Some Of The Most Popular ‘Ukraine Footage’ Is Actually A Video Game

Some Of The Most Popular ‘Ukraine Footage’ Is Actually A Video Game

ArmA III, a video game that in the right circumstances can look pretty realistic, has a long history of turning up on news broadcasts and being either confused with or intentionally used in place of actual camera footage of real-world events.

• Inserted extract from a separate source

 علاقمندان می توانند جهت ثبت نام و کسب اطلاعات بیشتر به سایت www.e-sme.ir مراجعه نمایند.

That trend is continuing in the current crisis in Ukraine.

As Bloomberg report, some of the most-viewed videos on Facebook’s gaming channel today were a number of clips purporting to be of military action taking place in Ukraine, “watched by more than 110,000 people and shared more than 25,000 times” before they were taken down by Facebook.

The same videos are also circulating on other social media, including Twitter; here’s one of the clips, posted with the text “Ukraine fires missiles to intercept Russian aircraft’s artillery fire”, though really it’s some Arma III footage:

UPDATE: Twitter has now removed both the video and the tweet itself, though you can see a part of it in the gif at the top of this story.

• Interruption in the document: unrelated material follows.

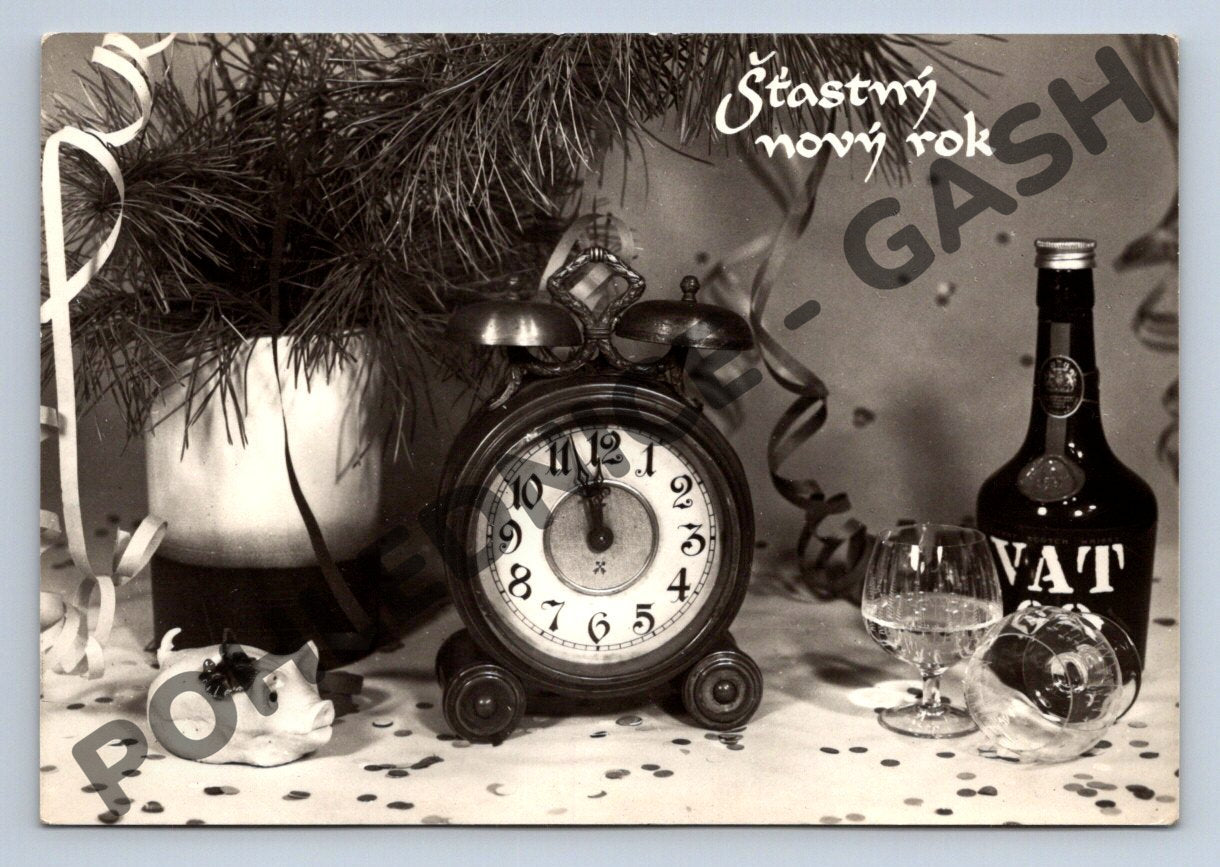 Originální černobílá novoroční pohlednice s přáním Šťastný nový rok. Na pohlednici je stylizované zátiší s retro budíkem, láhví alkoholu, skleničkami, skleněným prasátkem a novoroční výzdobou včetně větvičky borovice a stuh. Pohlednice byla odeslána, včetně ručně psaného textu a adresy, s poštovní známkou a razítkem. Fotografie J. Větroň, vydavatelství Orbis Praha. Ideální sběratelský kousek pro milovníky historických novoročních pohlednic z bývalého Československa. Dobrý stav, nepatrné opotřebení odpovídající stáří. Velmi pěkný sběratelský stav.

At time of posting that tweet has 11,000 likes and almost 2000 retweets. It’s easy for you and I to sit here and say “well of course that’s a video game”, but not everyone is familiar with ArmA’s attention to detail and visual fidelity. And remember, the smaller/blurrier these videos get on social media, the easier they are to pass off as actual footage.

This also speaks to a wider problem that anyone who has been online in the last 24 hours (or last 10 years) will have seen unfolding: any coverage of the invasion that allows input from the community is overflowing with opportunists looking for engagement (no matter how inaccurate the content they’re actually sharing is) and agents seeking to confuse and direct attention away from what’s actually happening.

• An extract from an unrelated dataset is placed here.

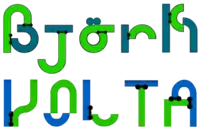 Siempre estoy en busca de palabras que tienen algún tipo de energía. Por lo general, el nombre simplemente llega, de una revista o alguien diciendo algo. Yo había esperado durante años mientras trabajaba en el álbum pero no vino. En las letras hay palabras como «tensión» y «vudú», que me pareció ser demasiado comunes de alguna modo. Siempre he tratado de elegir los títulos que están en clase de latín o algo, que no son inglés, que es un poco gracioso, porque nosotros, los europeos encontrar latinos resulta ser una especie de lenguaje neutral ... Pero encontré Volta ... No recuerdo cómo ocurrió, pero busqué en Google y encontré que es el nombre de un científico en Italia, que inventó la batería, y también un río en África, que había sido construida por hombres, y una laguna, construido por los hombres llamada Lago Volta. Así que varias partes entran en ella. Yo no voy al nombre de algo específico, las personas pueden adivinar por sí mismos lo que es. También hay un baile medieval que lleva ese nombre, un baile muy divertido que es muy difícil de aprender. Por lo tanto, tengo un montón de cosas en una palabra: un baile, un río en África, que ya no funciona, y la batería. Así que está bien - esto encaja.Björk

It makes it hard to be able to tell what’s real and what’s not when looking at this stuff online, which is why sites like Facebook (see below) are trying to actually do something proactive and real-time for once, using human beings, to try and moderate things:

Like I said, this isn’t the first time ArmA III footage has been misused in a time of crisis. Russian news was caught using it for a story on Syria in 2018 and tried passing it off as a “human error”, though Russian use of video game footage in 2017 to allege the US was supporting ISIS didn’t help their case.

Use this as a reminder that if you’re looking at stuff about Ukraine on social media, check then triple-check the sources and content before engaging with and/or sharing it.